The Linux installation is as follows:
/dev/hdb1 100 MB /boot
/dev/hdb2 8 MB /home
/dev/hdb3 8 MB /
/dev/hdb4 Extended partition
/dev/hdb5 1 GB Linux swap
/dev/hdb6 100 GB NTFS
The idea was to use the 100 GB partition (/dev/hdb6), which has been formatted with the NTFS (= Windows 2000) file system to store large files under Linux. NTFS file systems cannot be used by Linux yet. The only DOS/Windows filesystem, that is compatible with Linux is FAT32. Unfortunately FAT32 is a quite inefficient system and has a maximal partition size of 32 GB (actually Windows can use FAT partitions up to 127 GB, but it cannot format them itself, one needs a third party utility to format them). Anyhow, Linux can only read and write to FAT partitions up to 32 GB. An additional requirement is that /dev/hdb6 should be mounted to two different mount points. Therefore we have to split this partition into 2 smaller ones. Now this appeared to be impossible under Linux. The reason of this is - like with so many other things that suck - Bill Gates. Similar to his "640KB RAM is enough for everybody" decision, he decided that only four primary DOS-type partitions can be on one physical hard drive. Soon this appeared to be too little and thus a work-around was introduced: "Extended Partitions". One of the four primary partitions of a disk can be a so-called "extended partition" and contain several (actually I think unlimited amount of) logical partitions. Thus in the above layout of the hard disk /dev/hdb partition number 4 (/dev/hdb4) is an extended partition. It contains two logical partitions: /dev/hdb5 and /dev/hdb6. The problem is the following: The Linux utilities cfdisk and fdisk cannot access these two logical partitions separately. If we want to split /dev/hdb6 into two smaller partitions, we first have to delete this partition and then create two new ones in its place. But both cfdisk and fdisk can only delete /dev/hdb4 as a whole. That would delete the Linux swap partition (quite a disaster while you are running the operating system).

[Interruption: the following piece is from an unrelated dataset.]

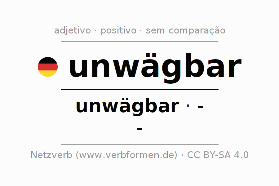 A declinação do adjetivo unwägbar não forma o grau de comparação unwägbar. O adjectivo não tem forma no comparativo e nem no superlativo. O adjectivo unwägbar pode ser utilizado tanto como atributivo antes de um substantivo ou como predicativo junto com um verbo.Não se pode flexionar e comparar somente o adjetivo unwägbar, mas sim todos os adjetivos em alemão. Comentários ☆

The way how to solve the problem is the following: Boot into Windows 2000, delete the 100 GB NTFS partition and created two smaller ones instead (/dev/hdb6 and /dev/hdb7). You have to format them FAT32 or NTFS as Windows cannot do anything else. If you have Partition Magic 8 or higher (preferably on a boot floppy), you can immediately format the two new smaller partitions as Linux partitions (that is: ext2 or ext3). Reboot into Linux. Funnily when mounting the partitions that were formatted using Partition Magic 8, already 5 percent of the space is already occupied although there are no files anywhere (at least this is what the Hardware Browser/Hard Drives utility shows). To reclaim this lost space you have to reformat them under Linux using the command mkfs.ext3 /dev/hdb6. If you want to use the newest (and probably one of the best) file system for Linux, you can format them with the ReiserFS file system (command: mkfs.reiserfs /dev/hdb6). Reboot and add those partitions into the fstab file to automount them on startup.